American jazz pianist

Linton Garner (March 25, 1915 in Greensboro, North Carolina - March 6, 2003 in Vancouver) was an American jazz pianist. He was the older brother of Erroll Garner.

==Biography==
As a youngster he was keener to play cornet than piano, but due to problems with his teeth, was forced to concentrate on the keyboard. From the age of 8 until 10 he had piano lessons, as did his three sisters (Martha, Ruth and Berniece), unlike his brother Erroll.

He was arranger and pianist with Fletcher Henderson's band before the Second World War, then spent 1943 to 1946 in the army, where he played both piano and trumpet in different bands. Afterwards he was pianist and arranger for a number of distinguished bands including those of Billy Eckstine and Dizzy Gillespie. He also accompanied Sarah Vaughan, Nat King Cole, Carmen McRae and Della Reese. He also wrote songs, including "You're the One For Me."

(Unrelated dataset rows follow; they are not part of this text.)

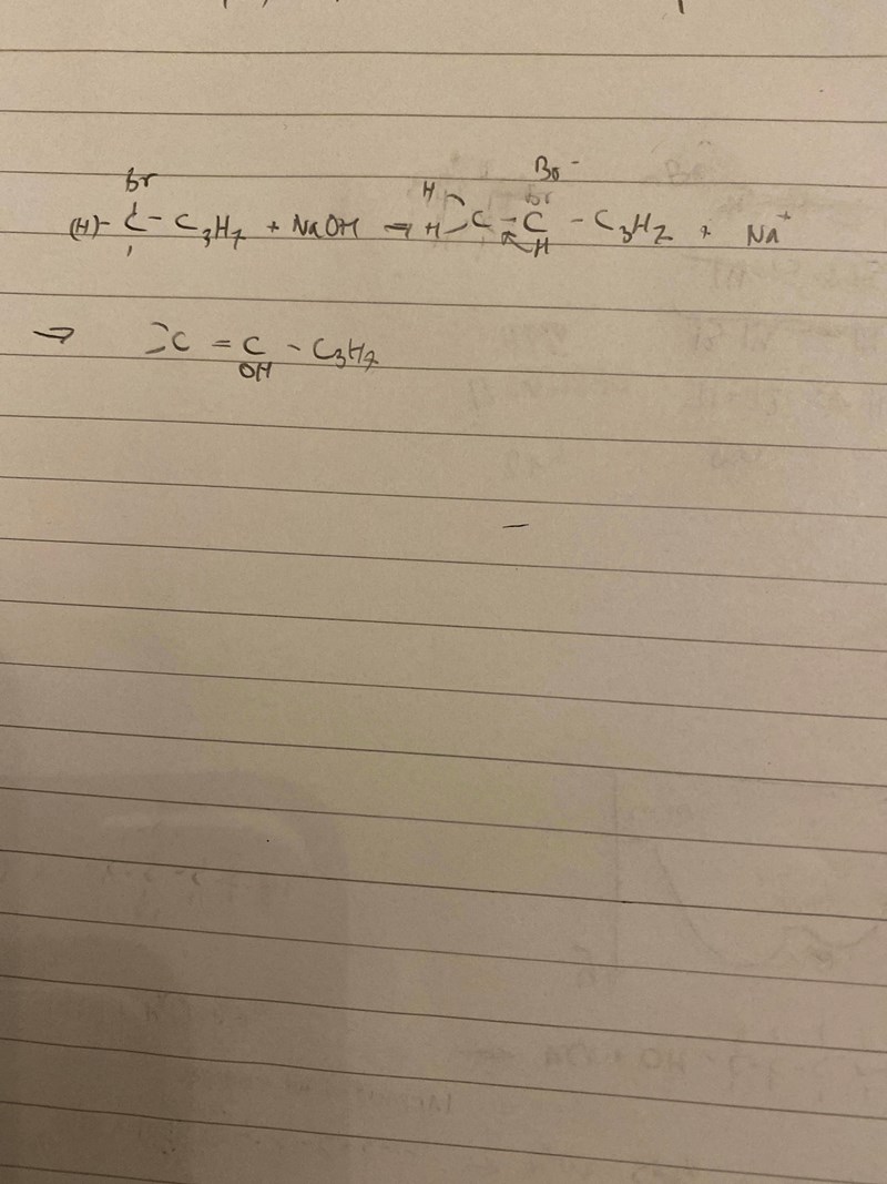 och dedär med eliminations reaktion är det istället för den andra kolen att ha H och Br så är Br- ett fritt bromidjon innan hydroxilen kör på en nukleofil attack på väteatomen och dubbelbindingen sker på andra kolen medan NaBr bildas?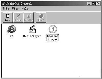 接下来单击SocksCap32面板中的New钮,将要运行的网络软件(如IE、Realplay、Mediaplayer等)添加到程序窗口中。设置完成后界面如图3。以后我们若想使用代理上网,不需在其他网络软件中做任何代理设置,只要运行SocksCap32,直接双击窗口中的程序图标即可。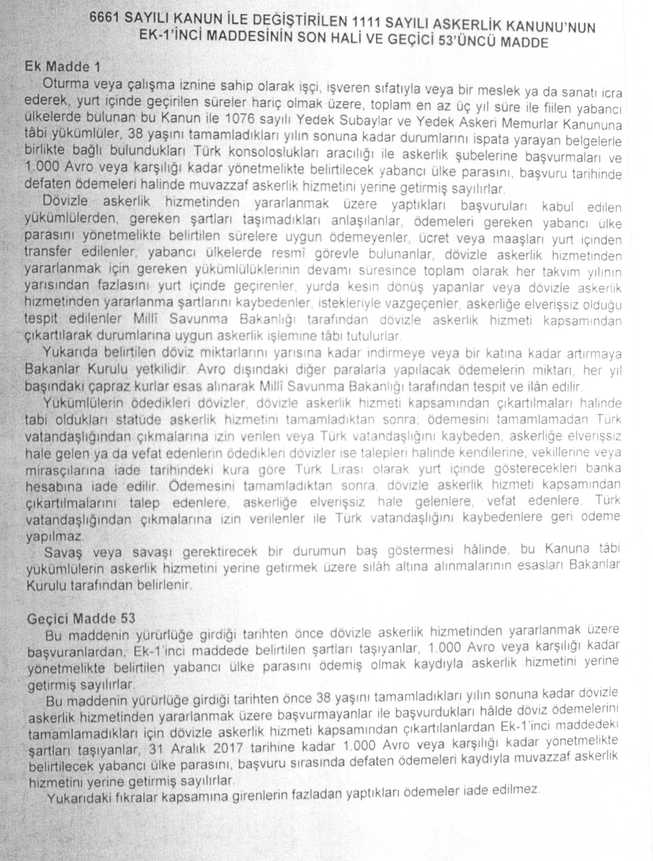 Bu kişiler, dövizle askerlik şartlarını haiz olmaları kaydıyla, en geç 31 Aralık 2017 (dahil) tarihine kadar 1000 Avro ödeyerek başvurularını yapabilirler.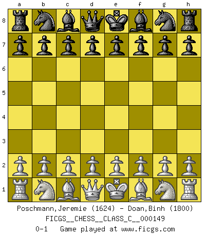 Last move : 0-1 2010 August 7 10:13:54 [Event "FICGS__CHESS__CLASS_C__000149"] [Site "FICGS"] [Date "2010.06.28"] [Round "1"] [White "Poschmann,Jeremie"] [Black "Doan,Binh"] [Result "0-1"] [WhiteElo "1624"] [BlackElo "1800"] 0-1 This chess game has been lost on time (started : 2010.06.28 9:35:33) Player Black won this chess game. Follow this game move after move (download)Modern Chess is too much concerned with things like Pawn structure. Forget it, Checkmate ends the game. (Nigel Short) Ein Kibitz ist einer, der deinem Gegner gute Ratschläge gibt. (Andrew Soltis) No es una movida, aún la mejor movida que tu debas buscar, sino un plan comprensible. (Eugene Znosko-Borovsky) Ce qui caractérise les parties de combat, c'est que si le défenseur a constamment de difficiles problèmes à résoudre, l'attaquant doit chercher sans relâche de nouvelles possibilités d'attaque. (Koblentz) Gambling : The sure way of getting nothing from something. (Wilson Mizner)

He moved to Canada in 1963. In 1974, Arni May invited him to Vancouver to accompany him at the opening of the Richmond Inn Hotel. Linton stayed in Vancouver and worked in many venues. He was resident pianist for seven years at the Four Seasons Hotel. At the time, Garner wrote the piano theme for the 1977 Canadian drama movie Skip Tracer. In the 1990s he played at the Three Greenhorns in Vancouver. He also sang and played the piano in Rossini's restaurant in Kitsilano.

The Linton Garner Legacy Quartet, featuring drummer Don Fraser, bassist Russ Botten pianist Ron Johnston, pianist Miles Black continues to play Garner's music.

He died of kidney failure in Vancouver at the age of 87.